Installing sklearn-extra.
!pip install scikit-learn-extra
Requirement already satisfied: scikit-learn-extra in /root/venv/lib/python3.9/site-packages (0.2.0)
Requirement already satisfied: numpy>=1.13.3 in /shared-libs/python3.9/py/lib/python3.9/site-packages (from scikit-learn-extra) (1.23.4)
Requirement already satisfied: scikit-learn>=0.23.0 in /shared-libs/python3.9/py/lib/python3.9/site-packages (from scikit-learn-extra) (1.1.2)
Requirement already satisfied: scipy>=0.19.1 in /shared-libs/python3.9/py/lib/python3.9/site-packages (from scikit-learn-extra) (1.9.3)
Requirement already satisfied: joblib>=1.0.0 in /shared-libs/python3.9/py/lib/python3.9/site-packages (from scikit-learn>=0.23.0->scikit-learn-extra) (1.2.0)
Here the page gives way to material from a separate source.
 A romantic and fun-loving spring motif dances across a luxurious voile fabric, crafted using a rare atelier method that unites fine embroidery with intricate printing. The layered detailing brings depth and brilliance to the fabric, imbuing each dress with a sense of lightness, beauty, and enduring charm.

Requirement already satisfied: threadpoolctl>=2.0.0 in /shared-libs/python3.9/py/lib/python3.9/site-packages (from scikit-learn>=0.23.0->scikit-learn-extra) (3.1.0)
WARNING: You are using pip version 22.0.4; however, version 22.3.1 is available.
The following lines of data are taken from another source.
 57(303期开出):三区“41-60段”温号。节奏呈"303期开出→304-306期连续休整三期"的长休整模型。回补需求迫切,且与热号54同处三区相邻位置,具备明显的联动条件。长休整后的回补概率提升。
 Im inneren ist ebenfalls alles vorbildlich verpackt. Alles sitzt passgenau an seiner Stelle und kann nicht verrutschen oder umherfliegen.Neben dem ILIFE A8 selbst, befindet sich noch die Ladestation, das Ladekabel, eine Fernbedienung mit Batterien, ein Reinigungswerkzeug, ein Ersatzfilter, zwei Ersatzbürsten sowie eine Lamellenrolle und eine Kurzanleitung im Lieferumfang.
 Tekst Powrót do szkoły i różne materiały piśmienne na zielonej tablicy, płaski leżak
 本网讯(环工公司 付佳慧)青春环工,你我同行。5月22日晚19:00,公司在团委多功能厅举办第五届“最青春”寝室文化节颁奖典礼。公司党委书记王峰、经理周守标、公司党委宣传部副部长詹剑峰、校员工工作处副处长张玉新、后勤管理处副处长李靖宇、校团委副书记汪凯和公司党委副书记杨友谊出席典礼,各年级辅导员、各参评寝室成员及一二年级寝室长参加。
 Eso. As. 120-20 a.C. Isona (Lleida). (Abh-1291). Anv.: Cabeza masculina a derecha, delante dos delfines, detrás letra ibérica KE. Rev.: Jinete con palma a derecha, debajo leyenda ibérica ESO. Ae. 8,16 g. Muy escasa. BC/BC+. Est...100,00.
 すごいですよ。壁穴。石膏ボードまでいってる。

You should consider upgrading via the '/root/venv/bin/python -m pip install --upgrade pip' command.
Imports.
import numpy as np
import seaborn as sns
from sklearn.cluster import KMeans
from sklearn_extra.cluster import KMedoids
First, create a random sample of 2-d points. Add a single outlier far from every other point in the sample.
sample = np.random.choice(50,(100,2))
outlier = np.array([[100],[100]]).T
sample = np.append(sample,outlier, axis=0)
Initialize a KMeans function and a KMedoids function. I'm using the ones from SKLearn and SKLearn_extra.
kmeans = KMeans(n_clusters=4, random_state=37).fit(sample)
kmedoids = KMedoids(n_clusters=4,random_state=37).fit(sample)
Plot the clusters resulting from each clustering algorithm.
sns.scatterplot(data = sample, x = sample[:,0], y = sample[:,1], hue = kmeans.predict(sample))
sns.scatterplot(data = sample, x = sample[:,0], y = sample[:,1], hue = kmedoids.predict(sample))
Results
The KMeans() algorithm places the outlier into a cluster containing only itself, and sorts the remaining points into three distinct clusters. The KMedoids() algorithm puts the outlier into a cluster with the central points that are closest to it, rather than placing it into its own distinct group.